**RECORDS:**
______
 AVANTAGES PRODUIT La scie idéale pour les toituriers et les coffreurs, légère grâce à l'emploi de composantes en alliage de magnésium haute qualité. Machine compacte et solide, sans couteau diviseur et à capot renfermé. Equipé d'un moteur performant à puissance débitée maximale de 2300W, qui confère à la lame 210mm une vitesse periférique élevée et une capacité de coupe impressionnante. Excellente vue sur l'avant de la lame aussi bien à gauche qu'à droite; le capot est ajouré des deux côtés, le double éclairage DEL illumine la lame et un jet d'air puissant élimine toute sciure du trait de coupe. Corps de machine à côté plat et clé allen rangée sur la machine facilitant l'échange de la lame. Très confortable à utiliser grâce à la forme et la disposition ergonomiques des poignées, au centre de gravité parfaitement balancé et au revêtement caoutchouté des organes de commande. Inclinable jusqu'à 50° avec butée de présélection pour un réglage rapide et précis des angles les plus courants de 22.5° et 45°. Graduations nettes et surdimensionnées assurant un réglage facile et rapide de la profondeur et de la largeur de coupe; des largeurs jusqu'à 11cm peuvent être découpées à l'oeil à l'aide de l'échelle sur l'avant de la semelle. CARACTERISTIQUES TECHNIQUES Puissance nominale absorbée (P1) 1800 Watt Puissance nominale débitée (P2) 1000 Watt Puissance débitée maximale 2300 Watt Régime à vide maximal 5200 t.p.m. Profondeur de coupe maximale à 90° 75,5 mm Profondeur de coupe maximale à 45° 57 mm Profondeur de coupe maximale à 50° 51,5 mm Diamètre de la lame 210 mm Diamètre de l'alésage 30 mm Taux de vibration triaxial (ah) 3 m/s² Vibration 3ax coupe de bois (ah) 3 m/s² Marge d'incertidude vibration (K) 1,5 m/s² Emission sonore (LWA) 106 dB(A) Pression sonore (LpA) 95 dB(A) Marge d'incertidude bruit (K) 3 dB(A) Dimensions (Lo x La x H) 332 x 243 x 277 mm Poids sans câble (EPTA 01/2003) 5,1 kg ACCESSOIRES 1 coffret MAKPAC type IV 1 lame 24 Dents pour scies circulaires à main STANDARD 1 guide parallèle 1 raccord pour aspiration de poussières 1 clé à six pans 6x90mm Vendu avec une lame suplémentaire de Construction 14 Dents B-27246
______
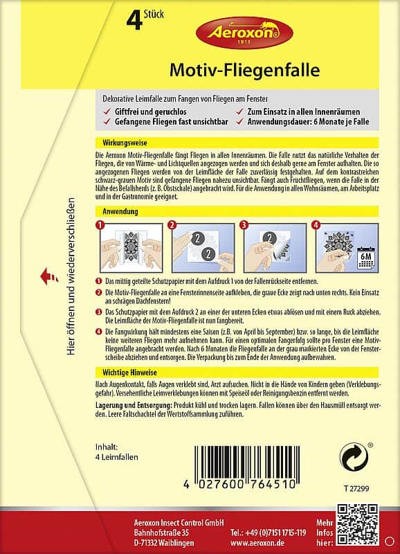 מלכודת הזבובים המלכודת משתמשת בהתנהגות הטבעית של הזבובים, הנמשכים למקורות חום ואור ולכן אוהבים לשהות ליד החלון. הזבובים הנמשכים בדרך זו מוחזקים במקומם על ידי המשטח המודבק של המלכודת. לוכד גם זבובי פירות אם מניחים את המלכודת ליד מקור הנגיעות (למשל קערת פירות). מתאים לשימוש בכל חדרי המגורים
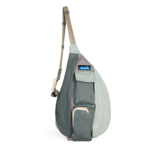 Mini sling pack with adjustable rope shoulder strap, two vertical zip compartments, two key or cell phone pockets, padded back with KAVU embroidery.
______
**WORK INSTRUCTION:** In the material above, which lines fall between the one holding "מלכודת הזבובים המלכודת" and the one holding "Mini sling pack", inclusive? Print exactly those, with the pictures left out.

**ANSWER TO THIS EXERCISE:**
 מלכודת הזבובים המלכודת משתמשת בהתנהגות הטבעית של הזבובים, הנמשכים למקורות חום ואור ולכן אוהבים לשהות ליד החלון. הזבובים הנמשכים בדרך זו מוחזקים במקומם על ידי המשטח המודבק של המלכודת. לוכד גם זבובי פירות אם מניחים את המלכודת ליד מקור הנגיעות (למשל קערת פירות). מתאים לשימוש בכל חדרי המגורים
 Mini sling pack with adjustable rope shoulder strap, two vertical zip compartments, two key or cell phone pockets, padded back with KAVU embroidery.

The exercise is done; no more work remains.